Statins are highly effective lipid-lowering agents, used by 100 million people worldwide. Generally, their side effect profile is quite favorable, with myalgia and weakness the most common side effects. However, because 40%-80% of the general population is sedentary, these medications have not been well-studied in active individuals. In one study of statin myopathy, 20% of patients reported some novel exercise prior to the onset of symptoms. In another, following Austrian professional athletes for 8 yr, only 6 of 22 (27%) tolerated at least one of the statins, without developing muscle pain and weakness (3).

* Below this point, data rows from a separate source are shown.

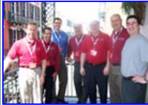
Team New England at CoreNet in New Orleans
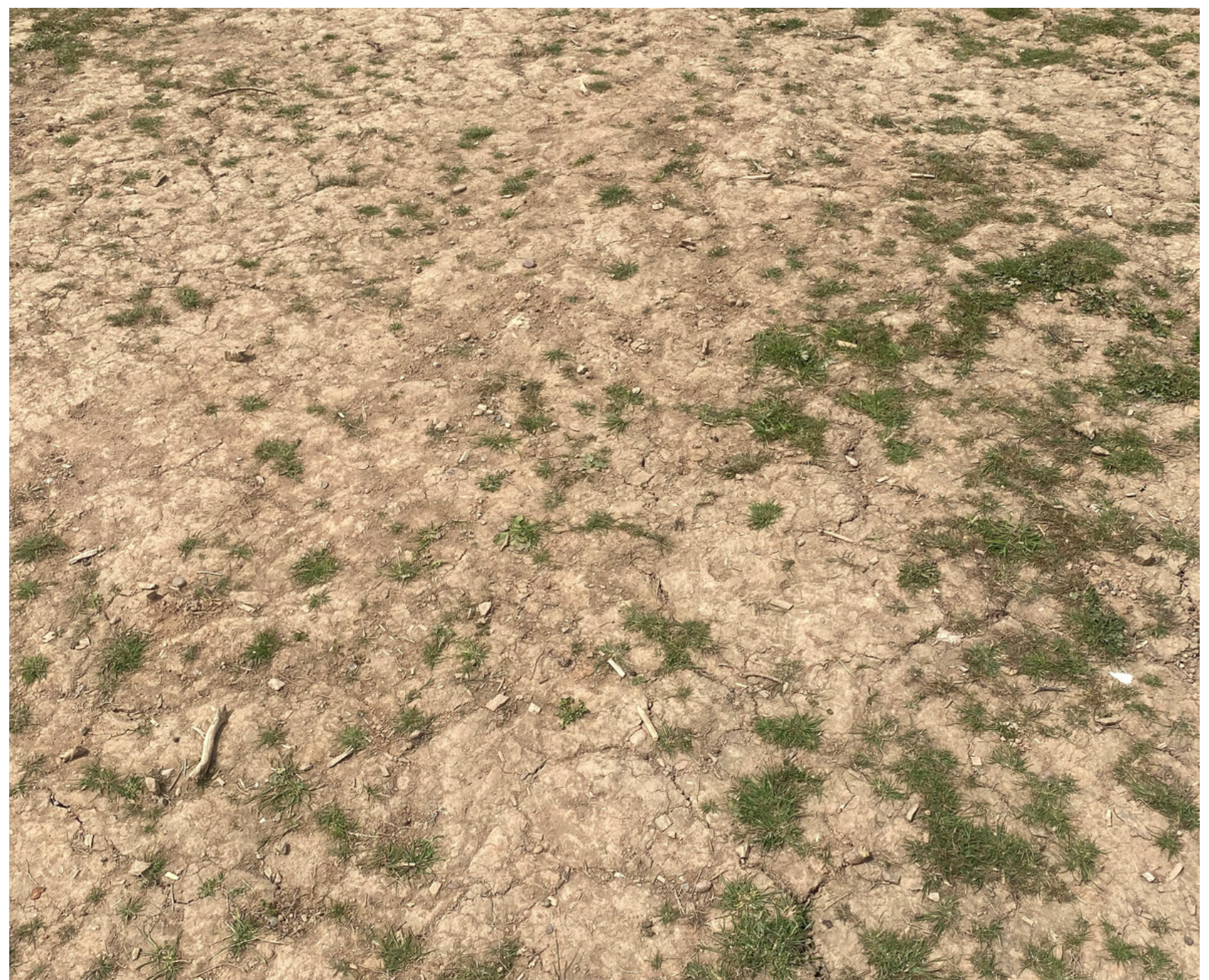
Uneven Ground Around The Course
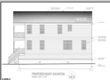
PROPOSED RIGHT ELEVATION SCALE: 1/4" = 1'-0"
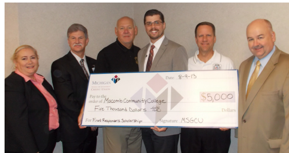
MCC Representatives accept a check from MSGCU for the launch of a First Responder Scholarship.

The addition of this program, along with our three other scholarships, means that MSGCU now awards more than $100,000 in scholarships each year.

In the absence of any other cause for the prolonged symptoms of myalgia and fatigue, our cyclist likely suffered from statin myotoxicity. This case draws attention to a potential "serious" adverse event for our patients that is not seen in the general population. Could exercise, with increased demands on the mitochondria for oxidative metabolism, potentiate muscle toxicity of statins? As mentioned previously, these medications have a direct effect upon mitochondrial function and oxidative metabolism. There is a shift toward carbohydrate utilization, and away from fatty acid metabolism. Muscle biopsies from patients with statin-induced myopathy show unusual amounts of lipid accumulation, consistent with decreased oxidative metabolism. While studies to date have not shown a consistent benefit from CoQ10 supplementation in reducing the effects of myopathy, it is intriguing to consider what effect it might have upon mitochondrial energy production (4). Until further research is carried out with active and athletic subjects, I would caution the use of HMG-CoA reductase inhibitors in this population, especially athletes who rely on fat metabolism for endurance.